What you need to do :: Transcribe the listing in full, excluding any pictures.

Given data ::
== Segment start ==

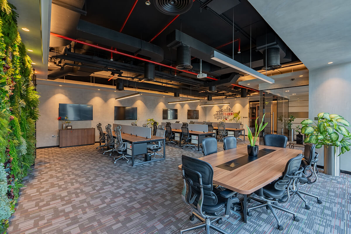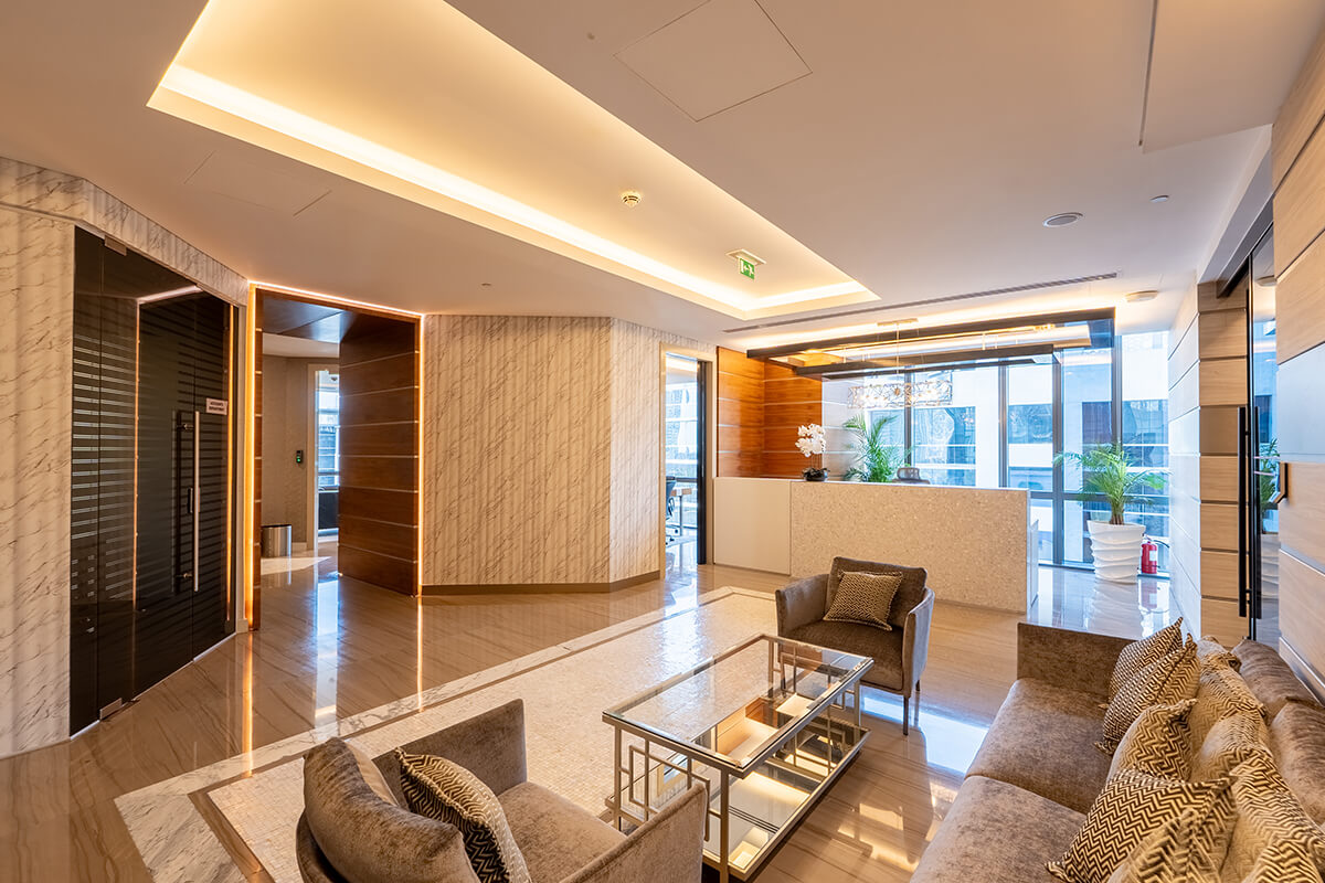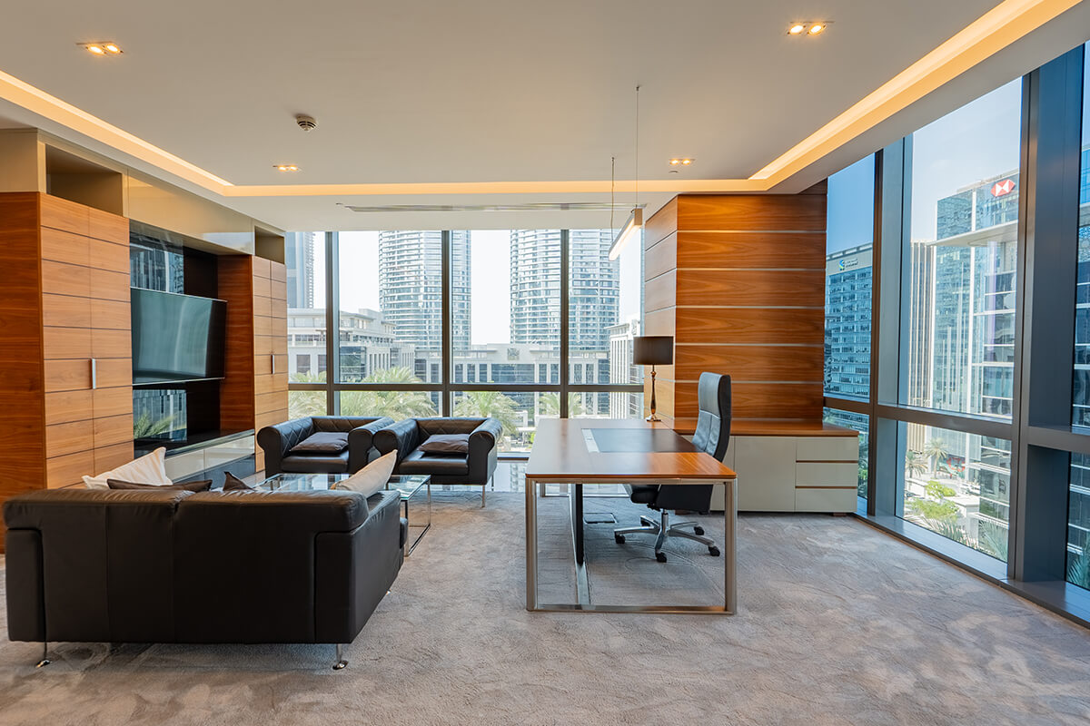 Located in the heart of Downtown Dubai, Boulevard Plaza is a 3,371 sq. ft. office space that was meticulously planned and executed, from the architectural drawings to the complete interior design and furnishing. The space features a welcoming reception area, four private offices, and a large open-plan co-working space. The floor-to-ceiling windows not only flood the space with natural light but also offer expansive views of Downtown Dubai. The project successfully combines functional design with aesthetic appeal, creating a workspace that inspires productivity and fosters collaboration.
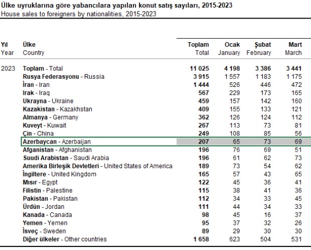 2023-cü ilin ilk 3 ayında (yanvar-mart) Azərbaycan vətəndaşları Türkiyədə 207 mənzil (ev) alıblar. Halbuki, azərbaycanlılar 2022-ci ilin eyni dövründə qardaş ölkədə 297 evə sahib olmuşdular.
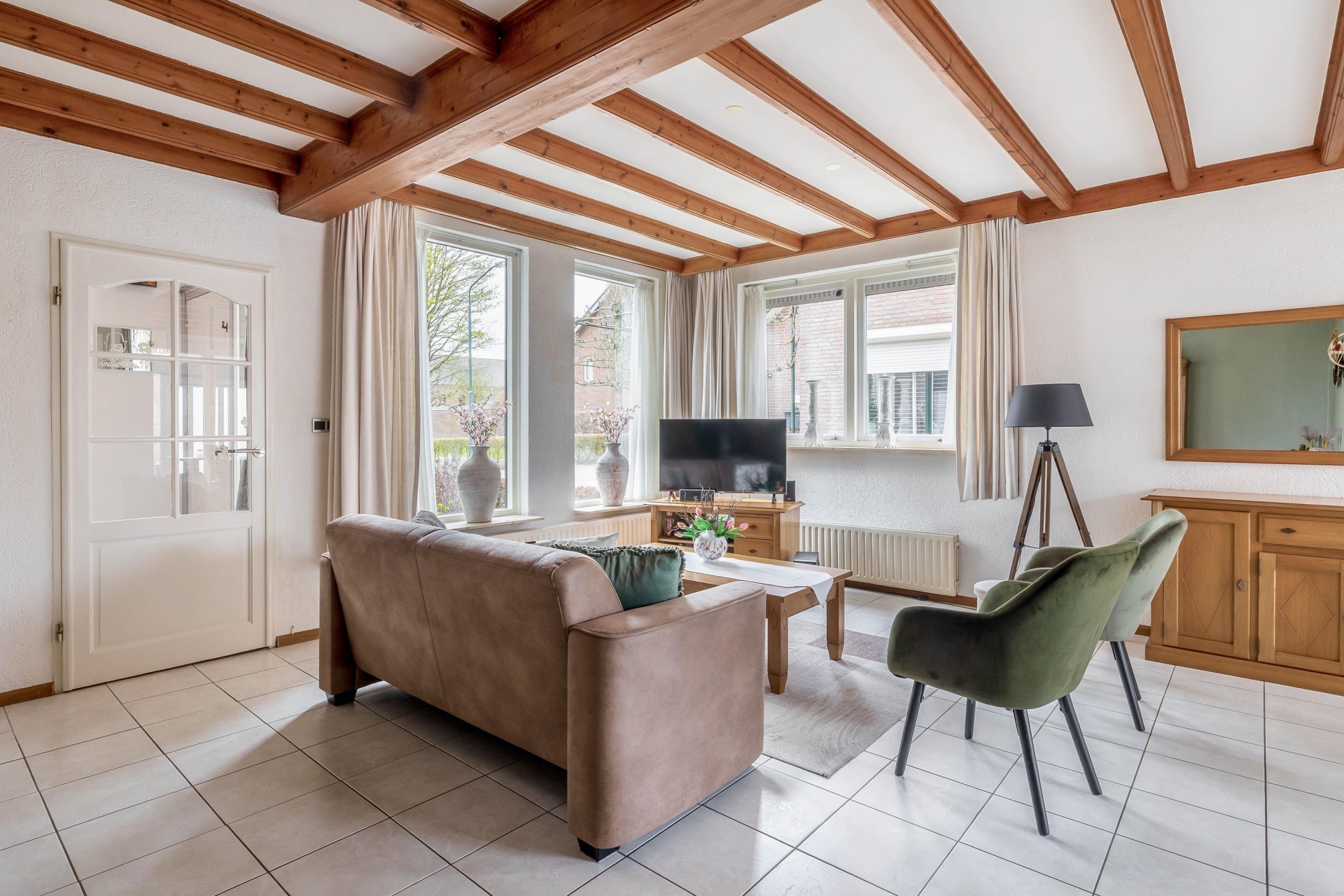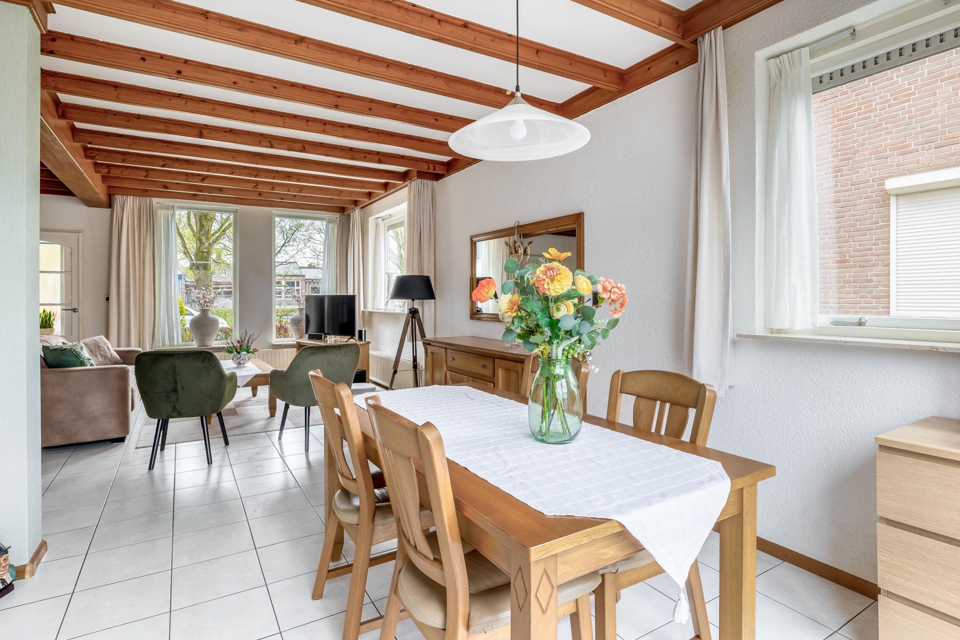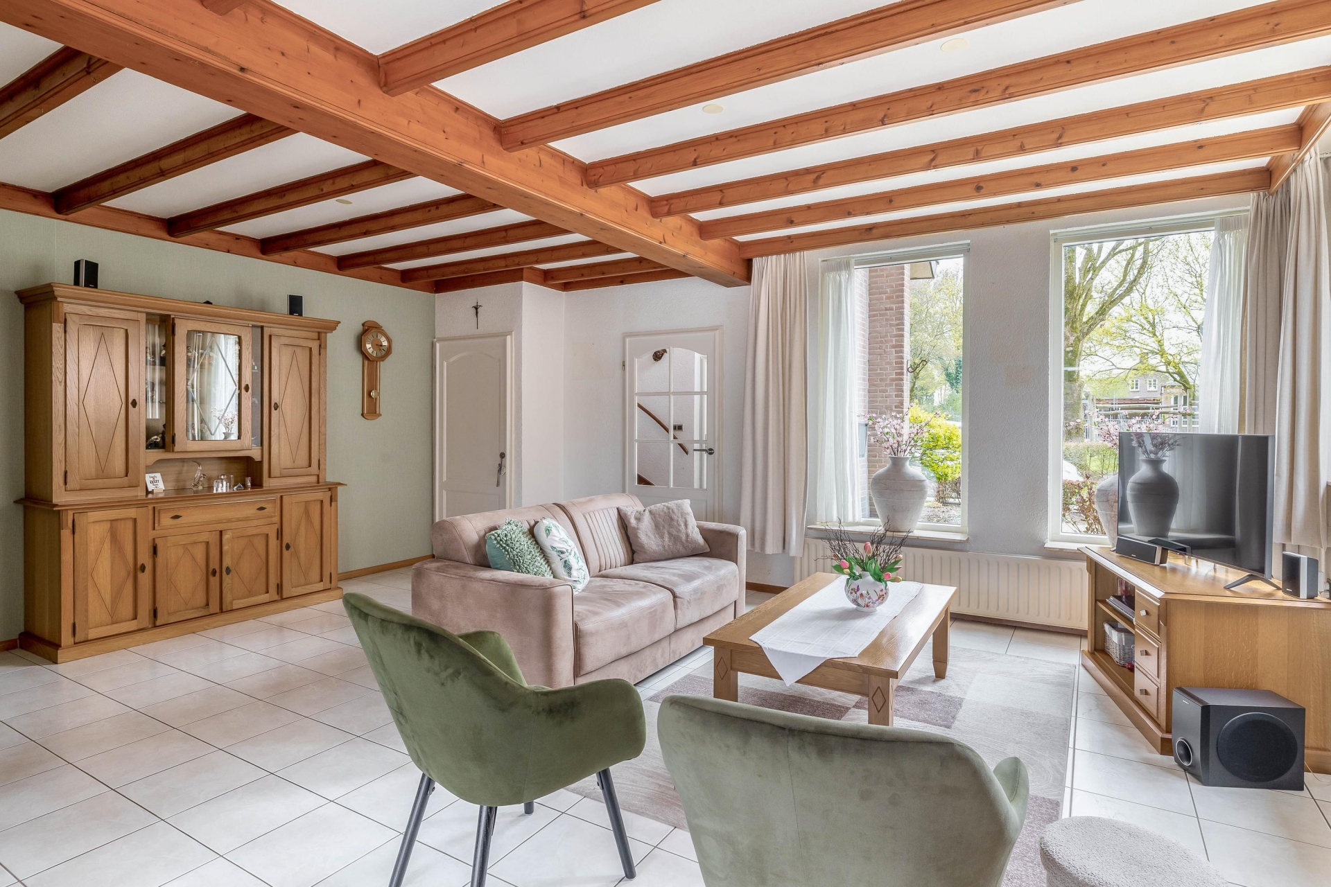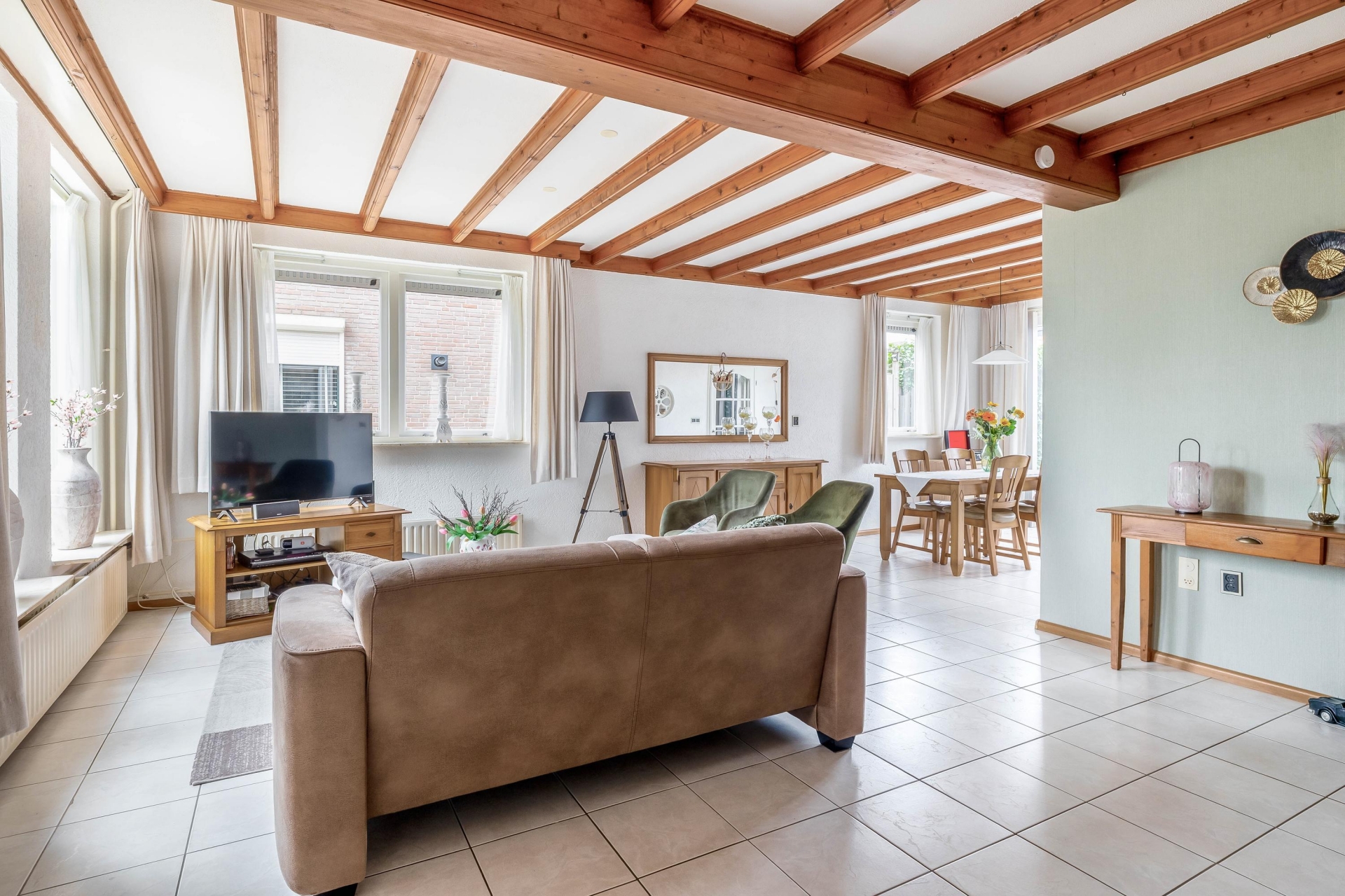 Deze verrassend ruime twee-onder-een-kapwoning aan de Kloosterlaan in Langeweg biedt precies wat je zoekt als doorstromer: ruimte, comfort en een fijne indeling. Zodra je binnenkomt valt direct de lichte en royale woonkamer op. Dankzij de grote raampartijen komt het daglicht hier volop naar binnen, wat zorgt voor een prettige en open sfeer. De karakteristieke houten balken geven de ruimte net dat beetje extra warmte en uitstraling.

== Segment end ==

Response to the exercise ::
 Located in the heart of Downtown Dubai, Boulevard Plaza is a 3,371 sq. ft. office space that was meticulously planned and executed, from the architectural drawings to the complete interior design and furnishing. The space features a welcoming reception area, four private offices, and a large open-plan co-working space. The floor-to-ceiling windows not only flood the space with natural light but also offer expansive views of Downtown Dubai. The project successfully combines functional design with aesthetic appeal, creating a workspace that inspires productivity and fosters collaboration.
 2023-cü ilin ilk 3 ayında (yanvar-mart) Azərbaycan vətəndaşları Türkiyədə 207 mənzil (ev) alıblar. Halbuki, azərbaycanlılar 2022-ci ilin eyni dövründə qardaş ölkədə 297 evə sahib olmuşdular.
 Deze verrassend ruime twee-onder-een-kapwoning aan de Kloosterlaan in Langeweg biedt precies wat je zoekt als doorstromer: ruimte, comfort en een fijne indeling. Zodra je binnenkomt valt direct de lichte en royale woonkamer op. Dankzij de grote raampartijen komt het daglicht hier volop naar binnen, wat zorgt voor een prettige en open sfeer. De karakteristieke houten balken geven de ruimte net dat beetje extra warmte en uitstraling.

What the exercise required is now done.